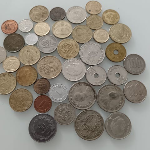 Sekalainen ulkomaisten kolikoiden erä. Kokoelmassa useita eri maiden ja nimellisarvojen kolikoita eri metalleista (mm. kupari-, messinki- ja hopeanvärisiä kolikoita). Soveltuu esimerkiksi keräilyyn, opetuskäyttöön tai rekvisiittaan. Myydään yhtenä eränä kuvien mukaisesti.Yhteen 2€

##########

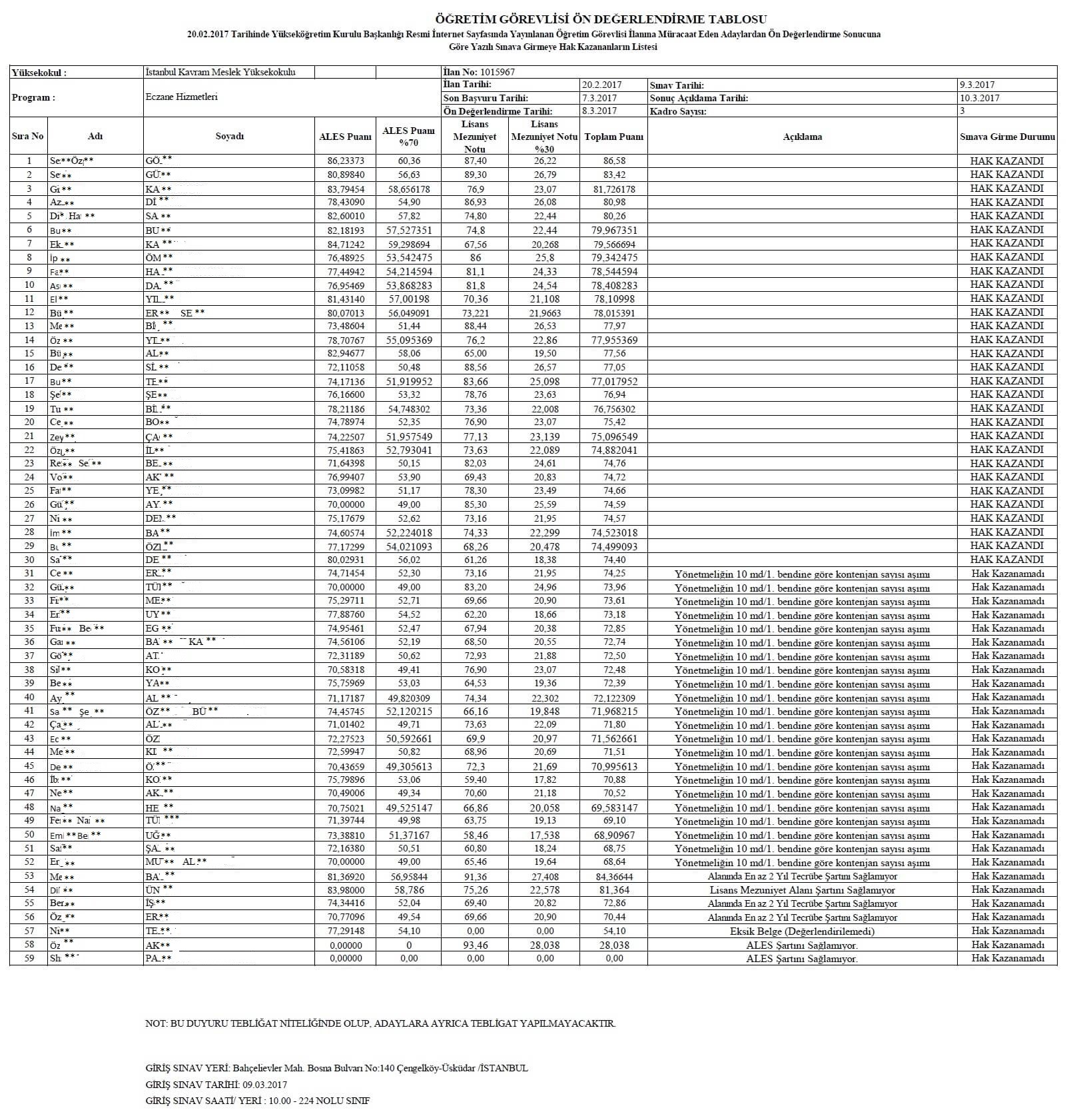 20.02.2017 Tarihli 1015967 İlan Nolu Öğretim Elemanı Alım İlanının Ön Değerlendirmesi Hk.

##########

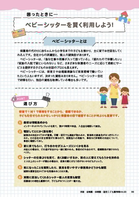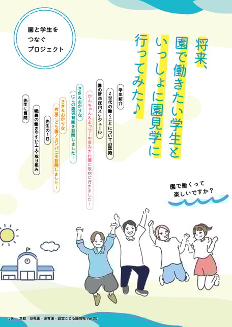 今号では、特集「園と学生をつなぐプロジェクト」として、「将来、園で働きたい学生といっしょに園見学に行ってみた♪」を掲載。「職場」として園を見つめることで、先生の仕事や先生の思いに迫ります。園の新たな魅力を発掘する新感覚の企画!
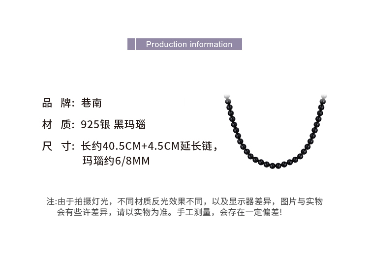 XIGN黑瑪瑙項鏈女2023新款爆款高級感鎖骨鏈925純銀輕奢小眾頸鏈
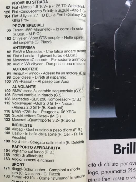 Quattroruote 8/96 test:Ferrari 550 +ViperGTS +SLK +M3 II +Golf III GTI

##########

What this task involves - Pictures in the entries do not go into the copy. Print only the lines starting at the one containing "今号では、特集「園と学生をつ" and ending at the one containing "Quattroruote 8/96 test:Ferrari", exactly as they appear.

Solution to this task -
 今号では、特集「園と学生をつなぐプロジェクト」として、「将来、園で働きたい学生といっしょに園見学に行ってみた♪」を掲載。「職場」として園を見つめることで、先生の仕事や先生の思いに迫ります。園の新たな魅力を発掘する新感覚の企画!
 XIGN黑瑪瑙項鏈女2023新款爆款高級感鎖骨鏈925純銀輕奢小眾頸鏈
 Quattroruote 8/96 test:Ferrari 550 +ViperGTS +SLK +M3 II +Golf III GTI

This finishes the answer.